- [EXERCISE OBJECTIVE]: With pictures omitted, restate the data word for word.

- [INPUT DATA]:
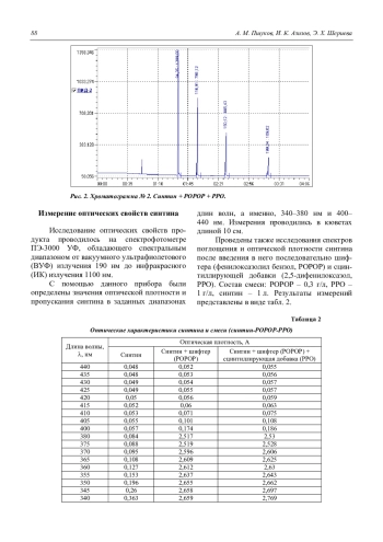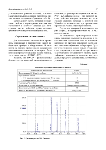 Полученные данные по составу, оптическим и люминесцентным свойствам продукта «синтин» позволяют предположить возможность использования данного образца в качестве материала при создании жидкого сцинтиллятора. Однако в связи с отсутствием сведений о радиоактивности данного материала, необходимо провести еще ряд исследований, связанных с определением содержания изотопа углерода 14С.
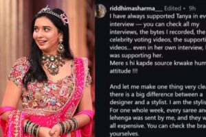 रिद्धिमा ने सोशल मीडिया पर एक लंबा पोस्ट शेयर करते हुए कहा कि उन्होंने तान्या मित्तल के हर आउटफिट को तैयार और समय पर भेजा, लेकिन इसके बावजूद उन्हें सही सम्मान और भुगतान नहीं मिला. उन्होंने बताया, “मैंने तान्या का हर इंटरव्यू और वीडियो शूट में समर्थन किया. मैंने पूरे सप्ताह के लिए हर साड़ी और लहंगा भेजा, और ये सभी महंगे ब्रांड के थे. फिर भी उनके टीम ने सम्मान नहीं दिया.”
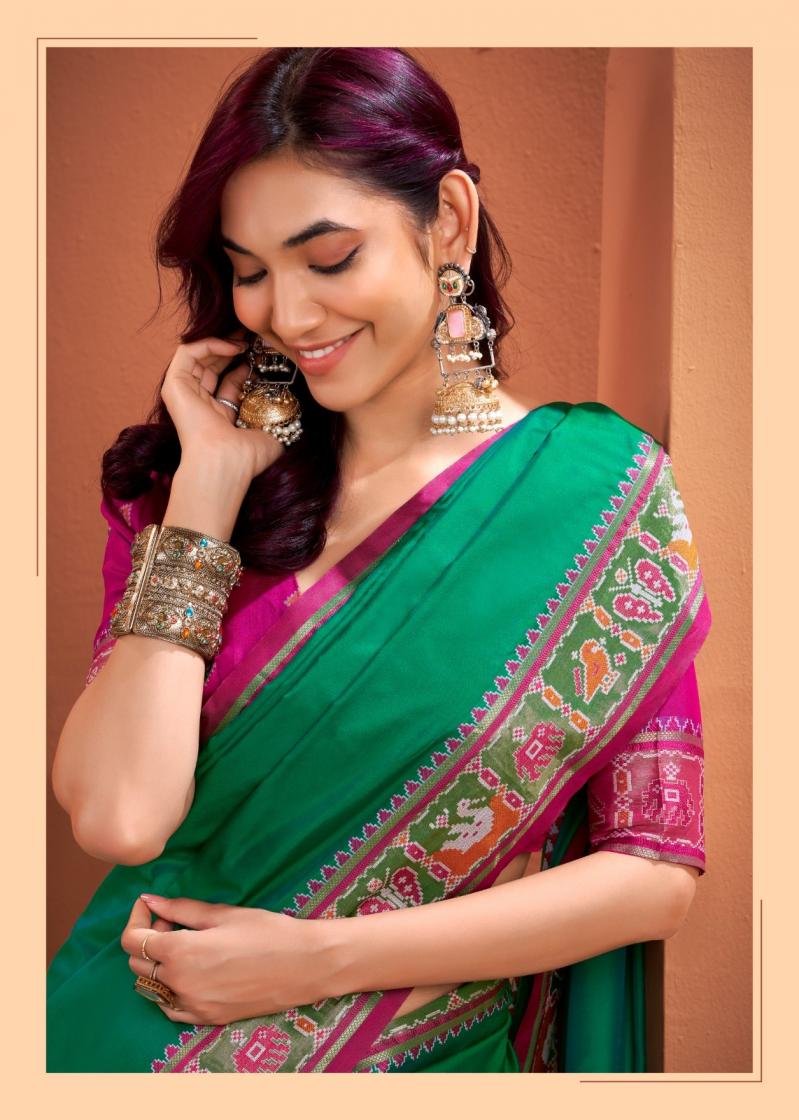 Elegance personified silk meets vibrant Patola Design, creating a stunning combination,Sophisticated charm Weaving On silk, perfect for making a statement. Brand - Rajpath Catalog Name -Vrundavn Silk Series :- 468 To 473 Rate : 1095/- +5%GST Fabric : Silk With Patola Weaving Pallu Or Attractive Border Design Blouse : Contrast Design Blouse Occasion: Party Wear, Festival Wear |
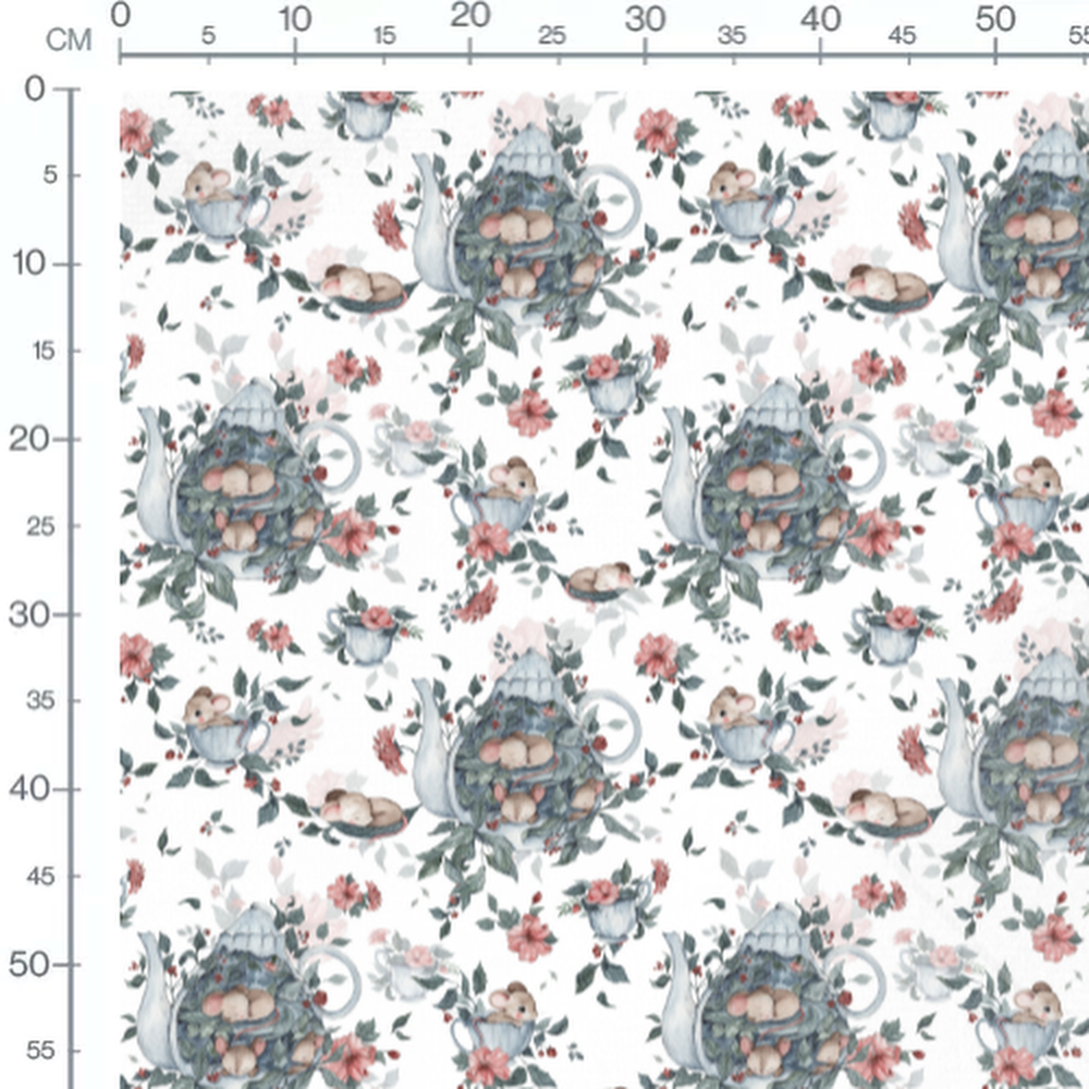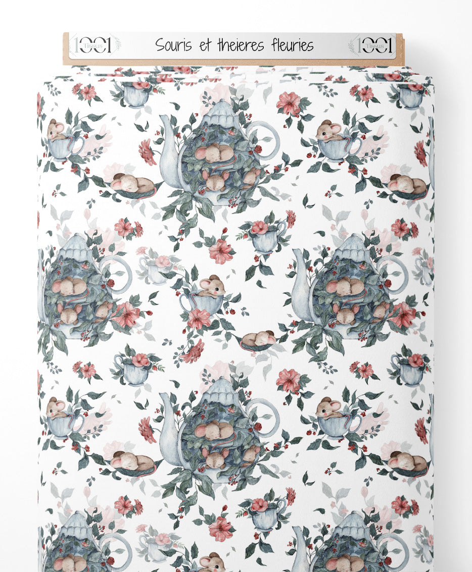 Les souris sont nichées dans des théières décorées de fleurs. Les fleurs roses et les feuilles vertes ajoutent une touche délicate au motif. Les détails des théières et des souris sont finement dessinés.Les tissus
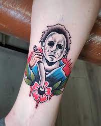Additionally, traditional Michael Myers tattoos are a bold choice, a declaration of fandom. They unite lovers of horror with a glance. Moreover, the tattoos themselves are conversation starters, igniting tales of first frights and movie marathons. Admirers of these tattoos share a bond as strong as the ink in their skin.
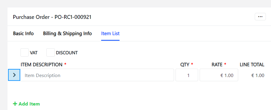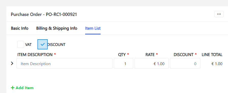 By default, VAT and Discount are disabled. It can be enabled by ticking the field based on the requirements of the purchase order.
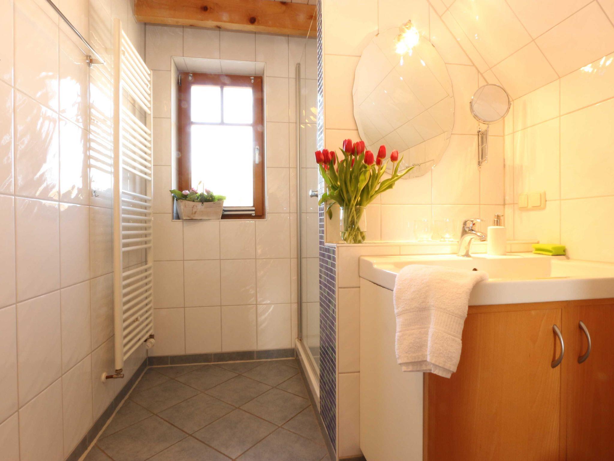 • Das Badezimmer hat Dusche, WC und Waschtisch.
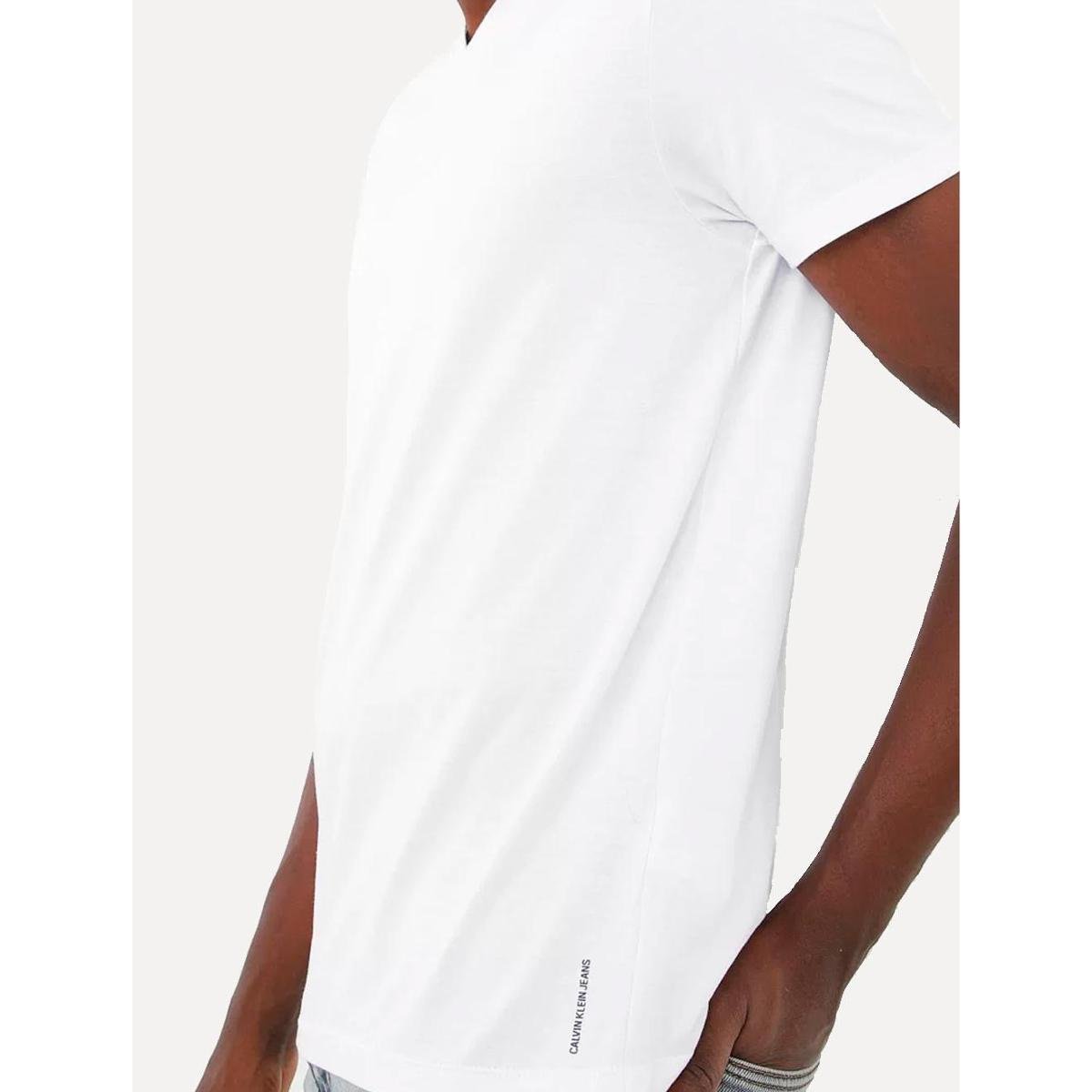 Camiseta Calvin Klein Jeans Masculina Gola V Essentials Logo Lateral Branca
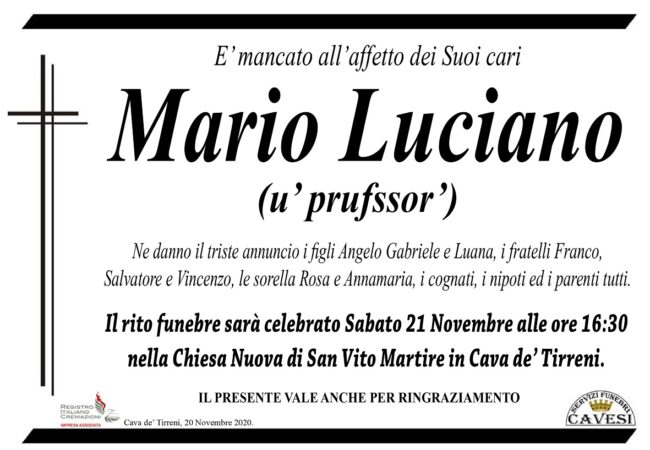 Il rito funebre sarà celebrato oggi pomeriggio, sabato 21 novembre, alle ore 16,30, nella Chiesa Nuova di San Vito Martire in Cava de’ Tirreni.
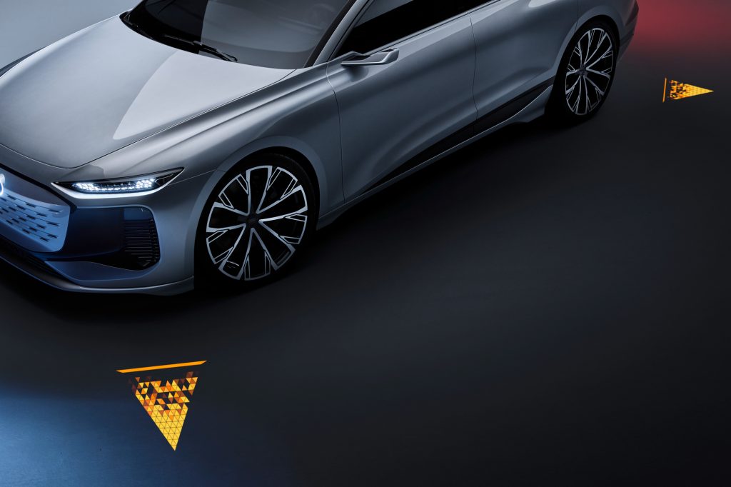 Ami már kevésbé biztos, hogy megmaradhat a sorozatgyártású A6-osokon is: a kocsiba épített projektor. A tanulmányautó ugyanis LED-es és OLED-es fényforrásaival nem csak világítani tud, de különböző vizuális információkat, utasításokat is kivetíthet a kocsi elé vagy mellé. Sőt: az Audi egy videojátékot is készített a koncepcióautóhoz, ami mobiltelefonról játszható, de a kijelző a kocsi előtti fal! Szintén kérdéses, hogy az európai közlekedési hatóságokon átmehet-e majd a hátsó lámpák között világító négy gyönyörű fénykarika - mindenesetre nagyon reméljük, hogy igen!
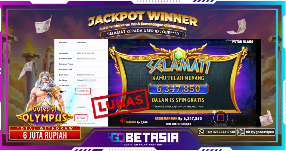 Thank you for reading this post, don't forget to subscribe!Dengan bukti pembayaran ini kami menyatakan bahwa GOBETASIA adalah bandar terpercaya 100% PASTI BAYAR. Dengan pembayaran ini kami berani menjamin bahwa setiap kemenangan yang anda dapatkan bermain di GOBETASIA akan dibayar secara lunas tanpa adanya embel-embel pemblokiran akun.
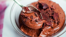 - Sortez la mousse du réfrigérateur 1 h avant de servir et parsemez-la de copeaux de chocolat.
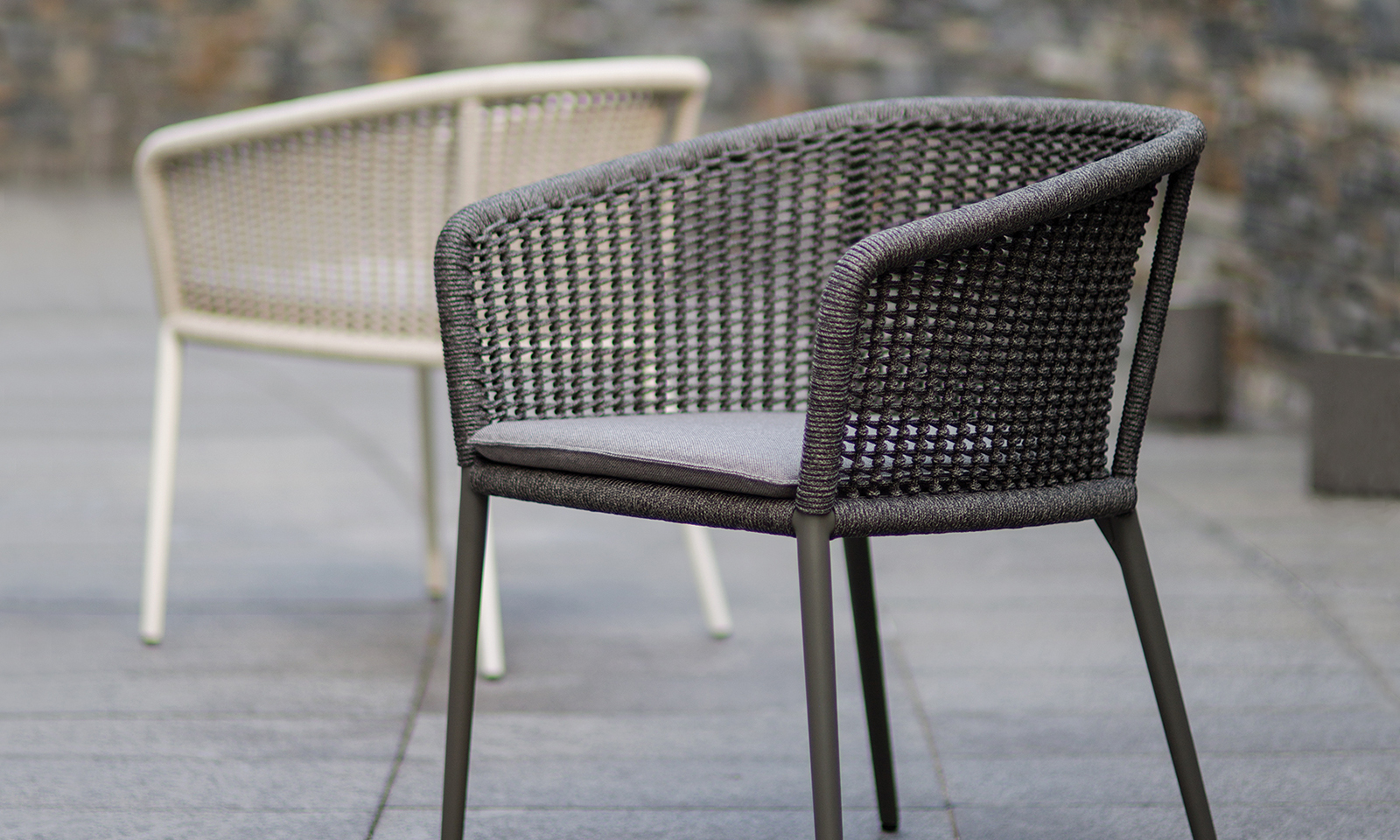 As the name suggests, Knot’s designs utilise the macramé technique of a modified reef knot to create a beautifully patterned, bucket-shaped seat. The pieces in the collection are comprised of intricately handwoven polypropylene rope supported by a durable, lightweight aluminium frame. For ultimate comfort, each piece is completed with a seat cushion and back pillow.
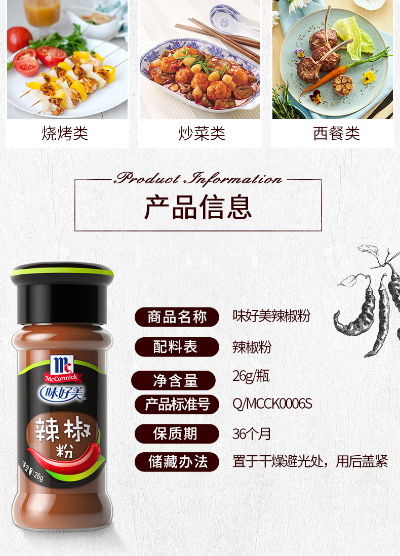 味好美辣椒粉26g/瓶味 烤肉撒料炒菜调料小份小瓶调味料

- [EXERCISE RESPONSE]:
 Полученные данные по составу, оптическим и люминесцентным свойствам продукта «синтин» позволяют предположить возможность использования данного образца в качестве материала при создании жидкого сцинтиллятора. Однако в связи с отсутствием сведений о радиоактивности данного материала, необходимо провести еще ряд исследований, связанных с определением содержания изотопа углерода 14С.
 रिद्धिमा ने सोशल मीडिया पर एक लंबा पोस्ट शेयर करते हुए कहा कि उन्होंने तान्या मित्तल के हर आउटफिट को तैयार और समय पर भेजा, लेकिन इसके बावजूद उन्हें सही सम्मान और भुगतान नहीं मिला. उन्होंने बताया, “मैंने तान्या का हर इंटरव्यू और वीडियो शूट में समर्थन किया. मैंने पूरे सप्ताह के लिए हर साड़ी और लहंगा भेजा, और ये सभी महंगे ब्रांड के थे. फिर भी उनके टीम ने सम्मान नहीं दिया.”
 Elegance personified silk meets vibrant Patola Design, creating a stunning combination,Sophisticated charm Weaving On silk, perfect for making a statement. Brand - Rajpath Catalog Name -Vrundavn Silk Series :- 468 To 473 Rate : 1095/- +5%GST Fabric : Silk With Patola Weaving Pallu Or Attractive Border Design Blouse : Contrast Design Blouse Occasion: Party Wear, Festival Wear |
 Les souris sont nichées dans des théières décorées de fleurs. Les fleurs roses et les feuilles vertes ajoutent une touche délicate au motif. Les détails des théières et des souris sont finement dessinés.Les tissus
Additionally, traditional Michael Myers tattoos are a bold choice, a declaration of fandom. They unite lovers of horror with a glance. Moreover, the tattoos themselves are conversation starters, igniting tales of first frights and movie marathons. Admirers of these tattoos share a bond as strong as the ink in their skin.
 By default, VAT and Discount are disabled. It can be enabled by ticking the field based on the requirements of the purchase order.
 • Das Badezimmer hat Dusche, WC und Waschtisch.
 Camiseta Calvin Klein Jeans Masculina Gola V Essentials Logo Lateral Branca
 Il rito funebre sarà celebrato oggi pomeriggio, sabato 21 novembre, alle ore 16,30, nella Chiesa Nuova di San Vito Martire in Cava de’ Tirreni.
 Ami már kevésbé biztos, hogy megmaradhat a sorozatgyártású A6-osokon is: a kocsiba épített projektor. A tanulmányautó ugyanis LED-es és OLED-es fényforrásaival nem csak világítani tud, de különböző vizuális információkat, utasításokat is kivetíthet a kocsi elé vagy mellé. Sőt: az Audi egy videojátékot is készített a koncepcióautóhoz, ami mobiltelefonról játszható, de a kijelző a kocsi előtti fal! Szintén kérdéses, hogy az európai közlekedési hatóságokon átmehet-e majd a hátsó lámpák között világító négy gyönyörű fénykarika - mindenesetre nagyon reméljük, hogy igen!
 Thank you for reading this post, don't forget to subscribe!Dengan bukti pembayaran ini kami menyatakan bahwa GOBETASIA adalah bandar terpercaya 100% PASTI BAYAR. Dengan pembayaran ini kami berani menjamin bahwa setiap kemenangan yang anda dapatkan bermain di GOBETASIA akan dibayar secara lunas tanpa adanya embel-embel pemblokiran akun.
 - Sortez la mousse du réfrigérateur 1 h avant de servir et parsemez-la de copeaux de chocolat.
 As the name suggests, Knot’s designs utilise the macramé technique of a modified reef knot to create a beautifully patterned, bucket-shaped seat. The pieces in the collection are comprised of intricately handwoven polypropylene rope supported by a durable, lightweight aluminium frame. For ultimate comfort, each piece is completed with a seat cushion and back pillow.
 味好美辣椒粉26g/瓶味 烤肉撒料炒菜调料小份小瓶调味料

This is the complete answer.